Marcin Cabaj: Już wczoraj przeprosiłem...

- Bardzo mi zależało na tym, żeby drużyna pod wodzą nowego trenera zaliczyla jakąś zdobycz punktową i w tabeli poszła do góry. Mieliśmy chrapkę na trzy oczka, ale nie zdobyliśmy nawet jednego - mówi po meczu z Jagiellonią Białystok (0:2) Marcin Cabaj. Bramkarz Cracovii już w czwartej minucie otrzymując czerwoną kartkę osłabił swój zespół.
- Co poczułeś w czwartej minucie?
- (chwila zastanowienia) Na pewno krzywdzącą nas wszystkich sytuację. Wydawało mi się, że byłem wcześniej od tego zawodnika (Tomaš Pešír - przyp.) i był tam bardzo nikły kontakt. Nie było żadnego ataku na nogi, a jedynie smyrnął mnie po klatce piersiowej. To spowodowało jego upadek. Później widziałem, że ten sam zawodnik utrzymywał się przy piłce przy dużo gorszych wejściach innych graczy. Pokazał cwaniactwo boiskowe wykorzystując fakt, że wyszedłem z bramki i biegłem w stronę piłki.
- Za to zagranie ujrzałeś czerwoną kartkę...
- Szkoda, bo przy tej sytuacji była pozycja spalona, więc teoretycznie akcja nie powinna mieć miejsca. Z perspektywy całego spotkania muszę stwierdzić, że mogłem zostać w bramce.

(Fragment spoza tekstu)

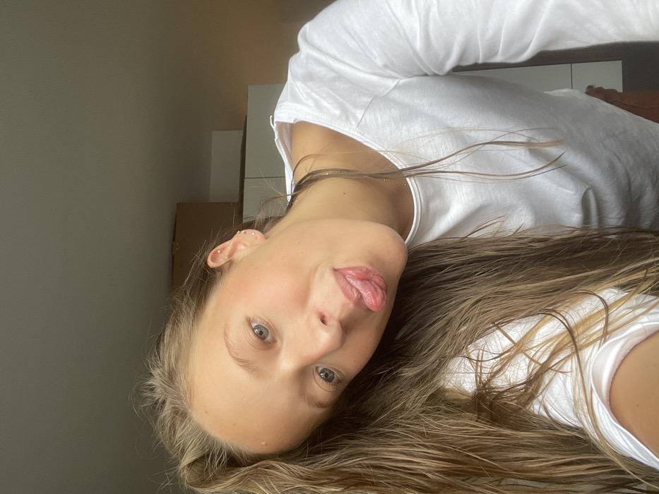 A young woman with wet, long brown hair and fair skin poses playfully, sticking out her tongue. She's wearing a white long-sleeved shirt. Her face is angled slightly, and her blue eyes are visible. In the background, there are hints of a room with white furniture and a cardboard box. She has multiple earrings in her left ear. The light is soft and diffused.

- Czyli żałujesz podjętej decyzji?
- Po meczu już tak. Do przerwy jeszcze nie, bo liczyłem, że może uda nam się uzyskać korzystny wynik. Po spotkaniu chłopaki pytali się, czy nie mogłem się zatrzymać, ale to było niemożliwe. Biegłem na wariata, by wybić piłkę spod nóg, ale ta na moje nieszczęście zwolniła, przez co zawodnik Jagiellonii mógł sobie ją dziubnąć.
- Co zrobiłeś po zejściu z boiska?
- Oglądałem całą pierwszą połowę stojąc przy bramie obok boiska. Zmarzłem jak cholera...
- Nie miałeś kurtki? Czapki?
- Nie. Byłem tak rozgrzany i wściekły na to, co się stało, że przez trzydzieści minut nie było mi zimno. Później już tak. W przerwie poszedłem do szatni, wziąłem prysznic i obejrzałem drugą połowę.
- Ciężko grało się Cracovii bez jednego zawodnika...
- Zgadza się. Przez dłuższy okres czasu gra była równorzędna, ale z czasem chłopakom zaczęło brakować sił. Jagiellonia to wykorzystała, strzeliła bramkę, a potem dobiła nas drugą.
- Przebywałeś kiedyś tak krótko na boisku?
- Myślę, że to był pierwszy taki mecz... Ciężko mi o tym mówić... Bardzo mi zależało na tym, żeby drużyna pod wodzą nowego trenera zaliczyla jakąś zdobycz punktową i w tabeli poszła do góry. Mieliśmy chrapkę na trzy oczka, ale nie zdobyliśmy nawet jednego. Tego przed meczem się nie spodziewałem. Już wczoraj przeprosiłem trenera i kolegów z drużyny za to, że tak to wyszło.